Surgery may be done to decompress the orbit, to improve the proptosis and to address the strabismus causing diplopia. Surgery is performed once the patient's disease has been stable for at least six months. In severe cases, however, surgery becomes urgent to prevent blindness from optic nerve compression. Because the eye socket is bone, there is nowhere for eye muscle swelling to be accommodated, and as a result the eye is pushed forward into a protruded position. Orbital decompression involves removing some bone from the eye socket to open up one or more sinuses and so make space for the swollen tissue and allow the eye to move back into normal position and also relieve compression of the optic nerve that can threaten sight.

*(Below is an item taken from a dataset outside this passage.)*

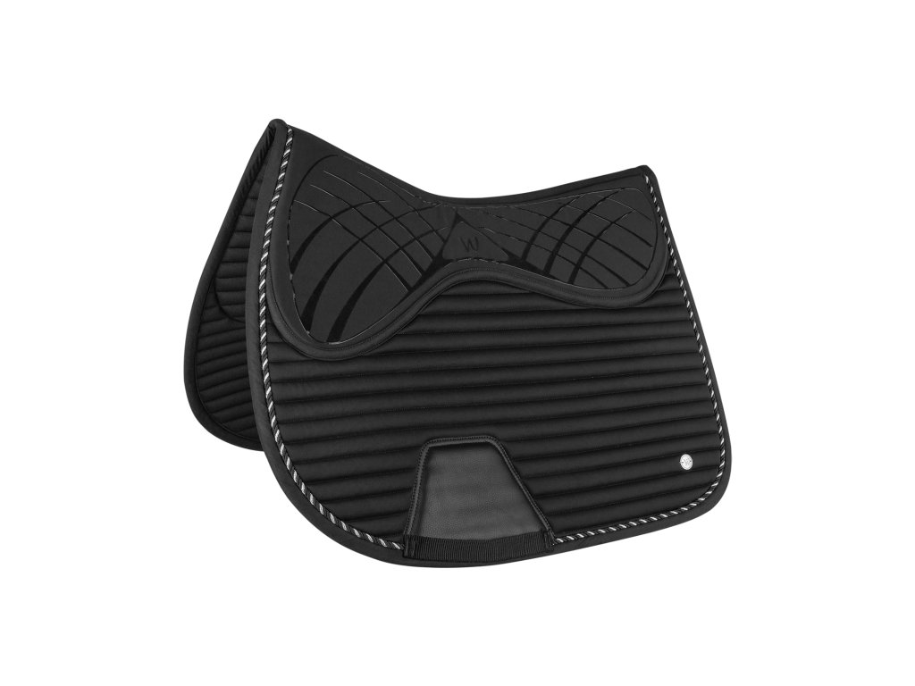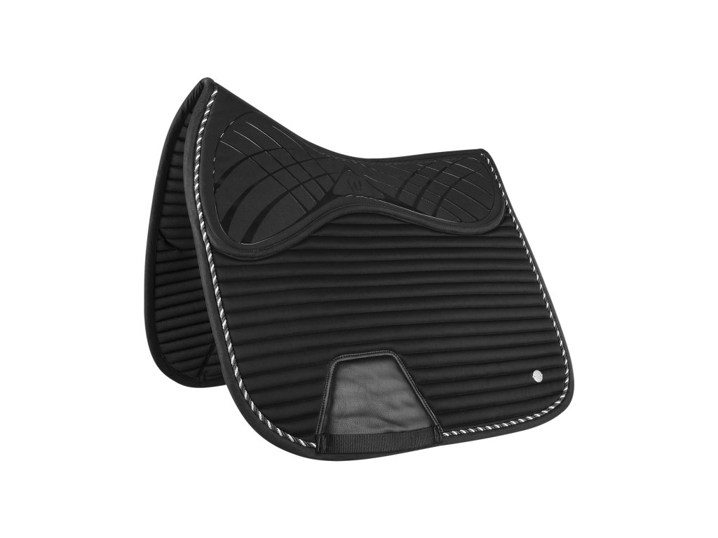 Podsedlová dečka Riga spojuje funkčnost s moderním sportovním vzhledem. Díky integrované pěnové vrstvě ve vrchní části je ideálně přizpůsobena pro rozložení tlaku a komfort koně. Silikonové protiskluzové zóny na horní straně zabraňují nežádoucímu posuvu sedla. V oblasti podbřišníku je dečka zpevněná pro delší životnost. Elegantní vzhled doplňuje ozdobná šňůrka a kovový štítek.

Eyelid surgery is the most common surgery performed on Graves ophthalmopathy patients. Lid-lengthening surgeries can be done on upper and lower eyelid to correct the patient's appearance and the ocular surface exposure symptoms. Marginal myotomy of levator palpebrae muscle can reduce the palpebral fissure height by 2–3 mm. When there is a more severe upper lid retraction or exposure keratitis, marginal myotomy of levator palpebrae associated with lateral tarsal canthoplasty is recommended. This procedure can lower the upper eyelid by as much as 8 mm. Other approaches include müllerectomy (resection of the Müller muscle), eyelid spacer grafts, and recession of the lower eyelid retractors. Blepharoplasty can also be done to debulk the excess fat in the lower eyelid.

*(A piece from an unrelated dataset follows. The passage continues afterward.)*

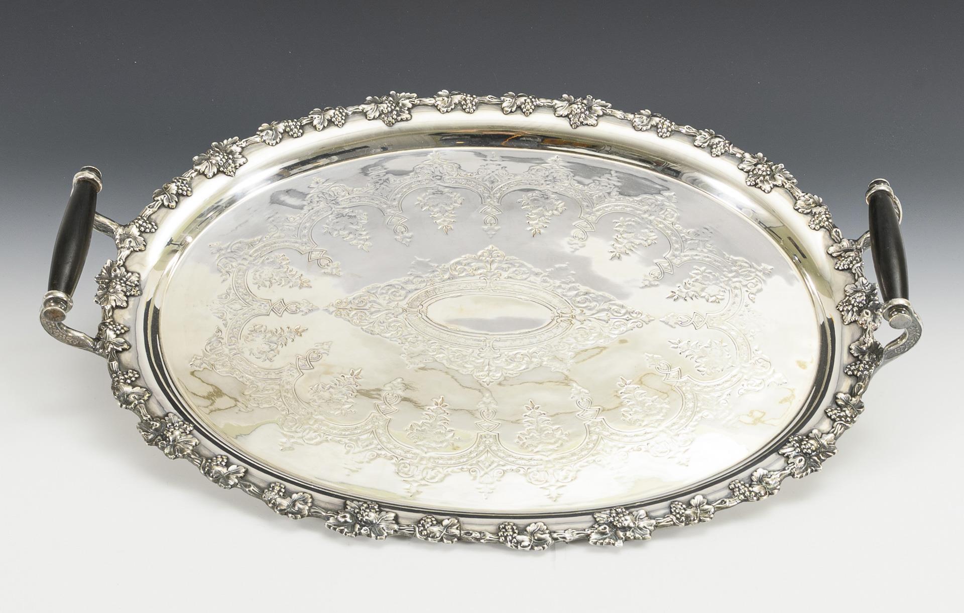 Ovales Tablett mit Ornamentgravur, Reliefrand mit Weinlaub und 2 hochgezogenen Holzgriffen.

A summary of treatment recommendations was published in 2015 by an Italian taskforce, which largely supports the other studies.

==Prognosis==
Risk factors of progressive and severe thyroid-associated orbitopathy are:
- Age greater than 50 years
- Rapid onset of symptoms under 3 months
- Cigarette smoking
- Diabetes
- Severe or uncontrolled hyperthyroidism
- Presence of pretibial myxedema
- High cholesterol levels (hyperlipidemia)
- Peripheral vascular disease

==Epidemiology==
The pathology mostly affects persons of 30 to 50 years of age. Females are four times more likely to develop Graves' than males. When males are affected, they tend to have a later onset and a poor prognosis. A study demonstrated that at the time of diagnosis, 90% of the patients with clinical orbitopathy were hyperthyroid according to thyroid function tests, while 3% had Hashimoto's thyroiditis, 1% were hypothyroid and 6% did not have any thyroid function tests abnormality. Of patients with Graves' hyperthyroidism, 20 to 25 percent have clinically obvious Graves' ophthalmopathy, while only 3–5% will develop severe ophthalmopathy.

==History==
In medical literature, Anglo-Irish surgeon Robert James Graves, in 1835, was the first to describe the association of a thyroid goitre with exophthalmos (proptosis) of the eye. Graves' ophthalmopathy may occur before, with, or after the onset of overt thyroid disease and usually has a slow onset over many months.